_Exercise objective_
The copy has to match the data exactly and leave out every picture.

[Records excerpted from a collection]
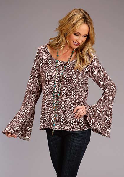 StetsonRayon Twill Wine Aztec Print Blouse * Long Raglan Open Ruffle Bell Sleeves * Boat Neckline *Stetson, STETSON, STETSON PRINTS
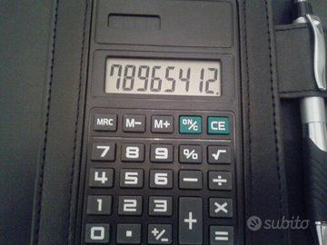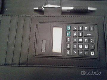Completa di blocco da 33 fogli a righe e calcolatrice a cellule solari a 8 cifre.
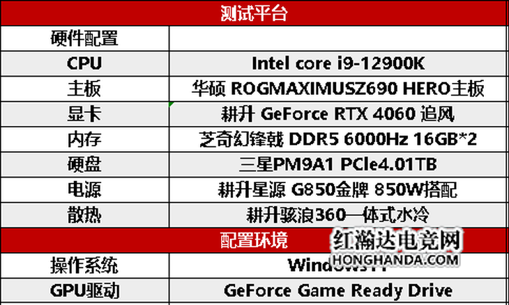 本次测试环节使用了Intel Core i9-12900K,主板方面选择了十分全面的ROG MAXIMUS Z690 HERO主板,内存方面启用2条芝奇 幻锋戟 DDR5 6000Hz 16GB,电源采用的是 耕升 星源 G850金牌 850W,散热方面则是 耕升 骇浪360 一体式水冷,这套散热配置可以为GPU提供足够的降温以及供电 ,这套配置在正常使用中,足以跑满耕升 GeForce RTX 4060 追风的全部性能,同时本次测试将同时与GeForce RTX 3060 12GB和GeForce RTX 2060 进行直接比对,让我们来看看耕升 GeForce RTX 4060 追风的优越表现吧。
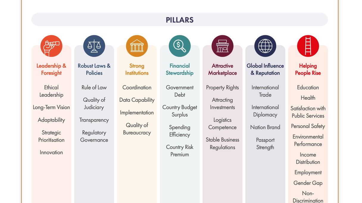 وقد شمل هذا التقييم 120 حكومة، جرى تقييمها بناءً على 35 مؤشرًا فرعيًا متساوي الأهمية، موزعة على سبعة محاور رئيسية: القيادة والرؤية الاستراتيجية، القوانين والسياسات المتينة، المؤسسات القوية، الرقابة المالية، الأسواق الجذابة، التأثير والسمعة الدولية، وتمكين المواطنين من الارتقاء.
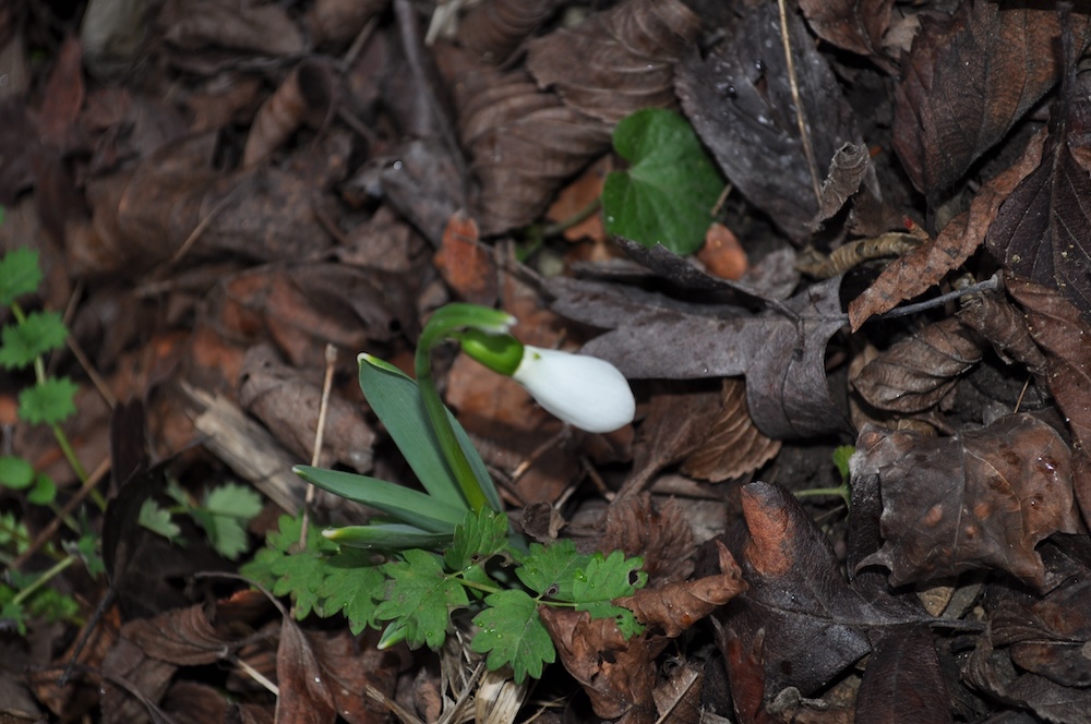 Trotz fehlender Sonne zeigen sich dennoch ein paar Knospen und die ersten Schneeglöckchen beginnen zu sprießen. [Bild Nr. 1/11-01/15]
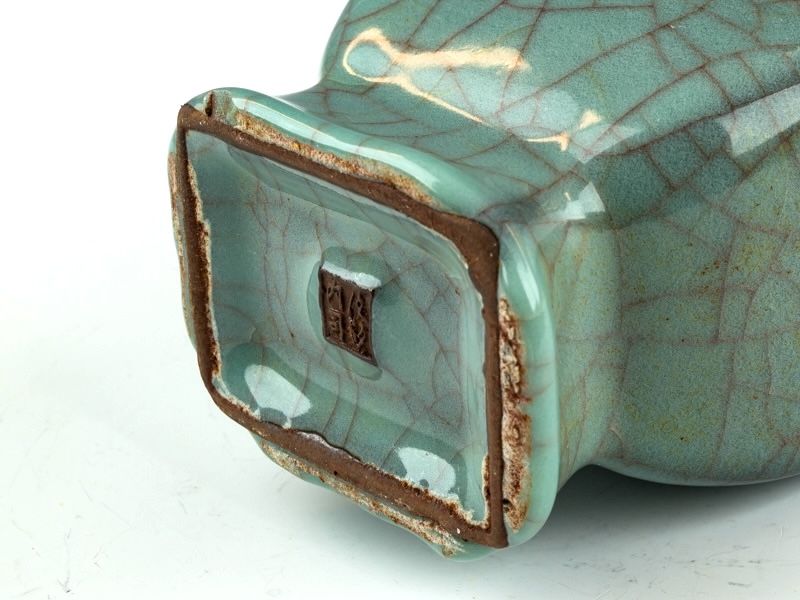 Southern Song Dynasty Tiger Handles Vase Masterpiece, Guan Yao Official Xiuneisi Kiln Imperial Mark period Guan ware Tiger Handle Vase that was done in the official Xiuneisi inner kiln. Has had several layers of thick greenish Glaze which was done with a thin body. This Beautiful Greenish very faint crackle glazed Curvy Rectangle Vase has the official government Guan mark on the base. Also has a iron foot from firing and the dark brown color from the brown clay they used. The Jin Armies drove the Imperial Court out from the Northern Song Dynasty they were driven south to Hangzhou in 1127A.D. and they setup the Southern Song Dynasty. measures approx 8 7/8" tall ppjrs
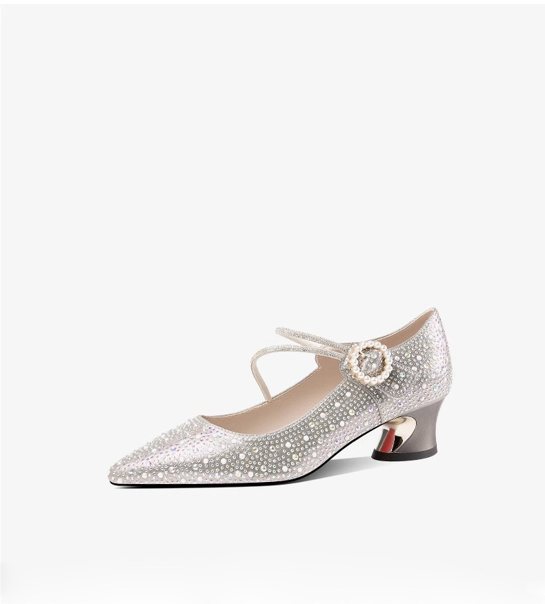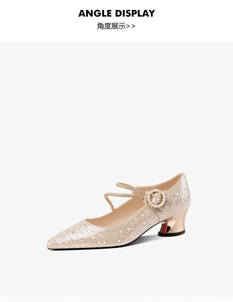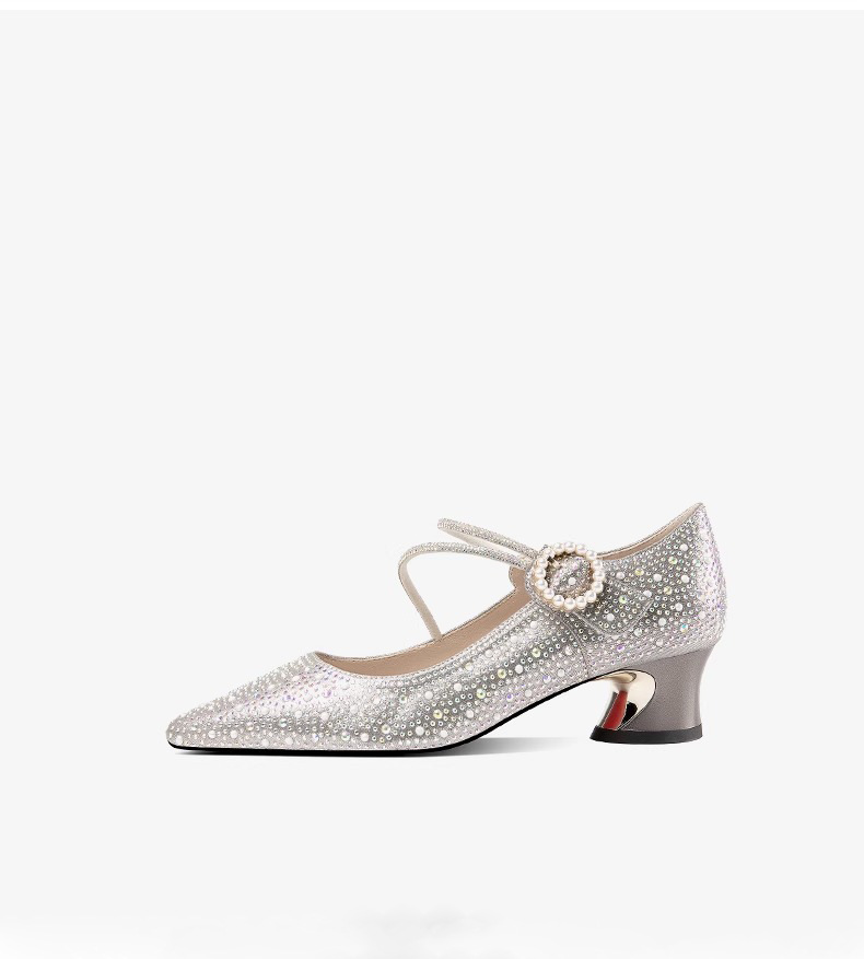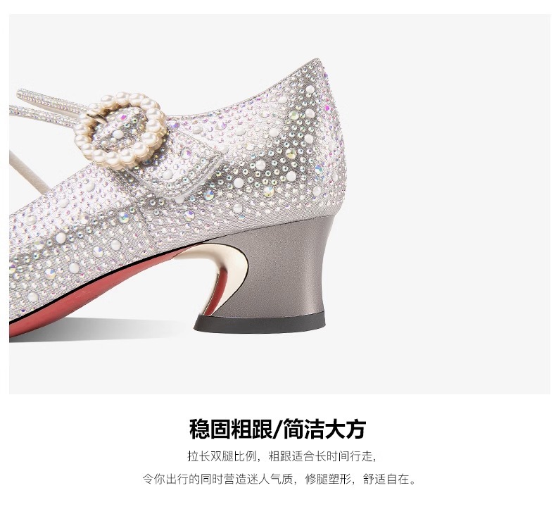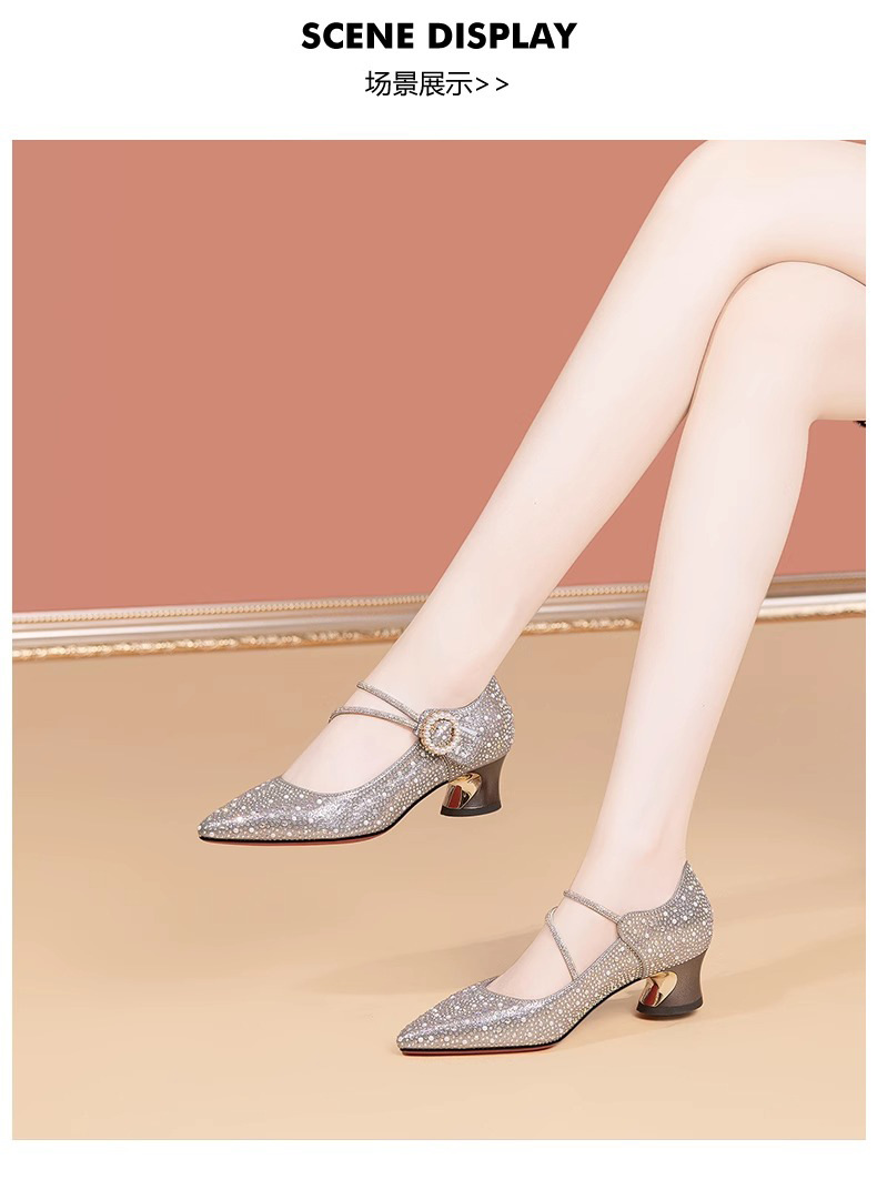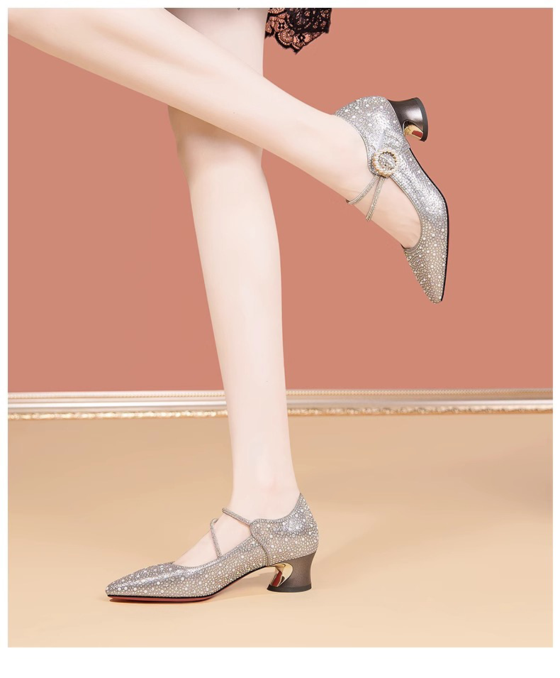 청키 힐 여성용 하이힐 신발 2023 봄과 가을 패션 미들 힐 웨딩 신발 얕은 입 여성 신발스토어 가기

_Solution_
 StetsonRayon Twill Wine Aztec Print Blouse * Long Raglan Open Ruffle Bell Sleeves * Boat Neckline *Stetson, STETSON, STETSON PRINTS
Completa di blocco da 33 fogli a righe e calcolatrice a cellule solari a 8 cifre.
 本次测试环节使用了Intel Core i9-12900K,主板方面选择了十分全面的ROG MAXIMUS Z690 HERO主板,内存方面启用2条芝奇 幻锋戟 DDR5 6000Hz 16GB,电源采用的是 耕升 星源 G850金牌 850W,散热方面则是 耕升 骇浪360 一体式水冷,这套散热配置可以为GPU提供足够的降温以及供电 ,这套配置在正常使用中,足以跑满耕升 GeForce RTX 4060 追风的全部性能,同时本次测试将同时与GeForce RTX 3060 12GB和GeForce RTX 2060 进行直接比对,让我们来看看耕升 GeForce RTX 4060 追风的优越表现吧。
 وقد شمل هذا التقييم 120 حكومة، جرى تقييمها بناءً على 35 مؤشرًا فرعيًا متساوي الأهمية، موزعة على سبعة محاور رئيسية: القيادة والرؤية الاستراتيجية، القوانين والسياسات المتينة، المؤسسات القوية، الرقابة المالية، الأسواق الجذابة، التأثير والسمعة الدولية، وتمكين المواطنين من الارتقاء.
 Trotz fehlender Sonne zeigen sich dennoch ein paar Knospen und die ersten Schneeglöckchen beginnen zu sprießen. [Bild Nr. 1/11-01/15]
 Southern Song Dynasty Tiger Handles Vase Masterpiece, Guan Yao Official Xiuneisi Kiln Imperial Mark period Guan ware Tiger Handle Vase that was done in the official Xiuneisi inner kiln. Has had several layers of thick greenish Glaze which was done with a thin body. This Beautiful Greenish very faint crackle glazed Curvy Rectangle Vase has the official government Guan mark on the base. Also has a iron foot from firing and the dark brown color from the brown clay they used. The Jin Armies drove the Imperial Court out from the Northern Song Dynasty they were driven south to Hangzhou in 1127A.D. and they setup the Southern Song Dynasty. measures approx 8 7/8" tall ppjrs
 청키 힐 여성용 하이힐 신발 2023 봄과 가을 패션 미들 힐 웨딩 신발 얕은 입 여성 신발스토어 가기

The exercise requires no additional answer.